Holidaymakers to some overseas destinations will be familiar with this sort of attitude - travel guides frequently caution readers that innocently posing for a snapshot outside a government building could lead to some stern questions from local law enforcers.
But in Britain this sort of attitude is new. So what is the law?
"If you are a normal person going about your business and you see something you want to take a picture of, then you are fine unless you're taking picture of something inherently private," says Hanna Basha, partner at solicitors Carter-Ruck. "But if it's the London Marathon or something, you're fine."
There are also restrictions around some public buildings, like those involved in national defence.
Child protection has been an issue for years, says Stewart Gibson of the Bureau of Freelance Photographers, but what's happened recently is a rather odd interpretation of privacy and heightened fears about terrorism.
"They [police, park wardens, security guards] seem to think you can't take pictures of people in public places. It's reached a point where everyone in the photographic world has become so concerned we're mounting campaigns and trying to publicise this."
It seems to be increasing, he says.
"There's a great deal of paranoia around but the police are on alert for anything that vaguely resembles terrorism. It's difficult because the more professional a photographer, paradoxically, the more likely they are to be stopped or questioned.
"If people were using photos for terrorism purposes they would be using the smallest camera possible."
The National Union of Journalists has staged a demo to highlight how media photographers are wrongly challenged by police.
In May last year, Thames Valley Police overturned a caution issued to photographer Andy Handley of the MK News in Milton Keynes, after he took pictures at the scene of a road accident.
Guidelines agreed between senior police and the media were adopted by all forces in England and Wales last year. They state that police have no power to prevent the media taking photos.
They state that "once images are recorded, [the police] have no power to delete or confiscate them without a court order, even if [the police] think they contain damaging or useful evidence."
And in the case of Phil Smith, an official complaint about the Christmas lights incident helped sort matters out. Not only did he receive a written apology from Suffolk Police, but also a visit from an inspector, who explained that the officer, a special constable, had acted wrongly."

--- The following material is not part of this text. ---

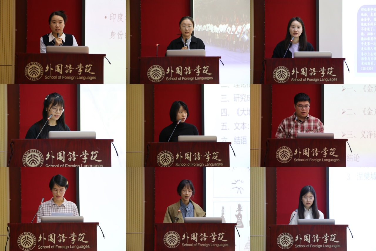 论坛分上、下午两个场次举行。在上半场硕士研究生汤睿、田仕宇、陈雨桐、王玺茜、岑偲仪依次发言。汤睿的报告《印度共产党对印度进步文学运动的影响——基于1946-1949年的五次印度进步作家会议》,指出印度共产党在政治立场方面对全印进步作家协会及其运动有着较强的影响,而在阶级基础和文学创作方面则影响较小。田仕宇作题为《当代印度教右翼针对穆斯林群体的民族认同理论建构——以<药叉之间的回答>为例》的报告,以库马尔的著作《药叉之间的回答》为研究对象,指出当代印度教民族主义者为塑造穆斯林“国族认同”观念,采取较为灵活的话语策略,但距离真正在穆斯林社群中深植印度教民族认同观念还有一定距离。陈雨桐的报告《和平之下、中印之间——亚太和平会议时期印度游记的差异书写》,对比亚太和平会议时期政治身份相异的两位印度作家的中国游记《晨色》与《加尔各答到北京》,指出游记的差异书写反映出现代化进程中中印两国在文学领域的互动,并反映出印度作家依托访华经历认知自我和他国的不同路径。王玺茜作题为《反殖民神话与想象“印度”的互动:基于20世纪20~30年代印度电影产业的考察》的报告,以20世纪20~30年代印度电影产业为研究对象,探讨电影作为大众媒介的去殖民路径,指出这一时期的印度电影制作体现了“好莱坞式”制片体系与殖民统治的对抗性共生。岑偲仪的报告《族群-象征主义下乌尔都语分治文学中的民族身份书写:以长篇小说<大地>为例》,通过分析小说文本中的宗教文化因素,结合作家生平、访谈与相关历史文献等,探究巴基斯坦民族身份建构的困境以及作家对自身民族身份书写,并尝试探讨作家对巴基斯坦民族认同建构思考的现实意义。

My blog on 22 October last year says,"Tally Ho!, the pub where I take my staff when we lunch out. This photo brought me to the attention of a police officer. The Chief Rabbi's office is along the street and the building was bombed in 1995. So I was asked to explain my photography to Plod. This was anti-terrorist policing."

I was also stopped by the police in Buckinghamshire. I may return to repeat my snap of Chequers, the PM's country residence. There is a public right of way with a good view of the house. I climbed the video surveyed stile to see the view. On my return there were armed police asking what i was doing. I said I was exerting the right of a free born Englishman to walk on a public path. They drove off.

3 comments:

PC Plastic Fuzz said...

I think the majority of Police and PCSOs know the law surrounding photography in public.

It’s the odd one or two officers who do make a mistake that give everyone else a bad name. Try to look at it subjectively. There are hundreds of thousands of professional photographers, millions of amateur photographers and billions of random people with camera phones taking trillions of photos in public.

Three people getting spoken to because the officers were a little confused isn’t that big of a deal when you look at the bigger picture (excuse the pun).

Graham Weeks said...

Thank you. But there are lots of us being stopped and questioned including the photographer of our local paper. Freedom is being lost. I am old enough to have been free to walk along Downing Street. I am not anti police. You are usually only carrying out orders and enforcing what you believe to be the law.
BTW I have linked to your blog.

Curly said...

A Home Office minister has now re-affirmed the legality and rights of photographers to operate in public places.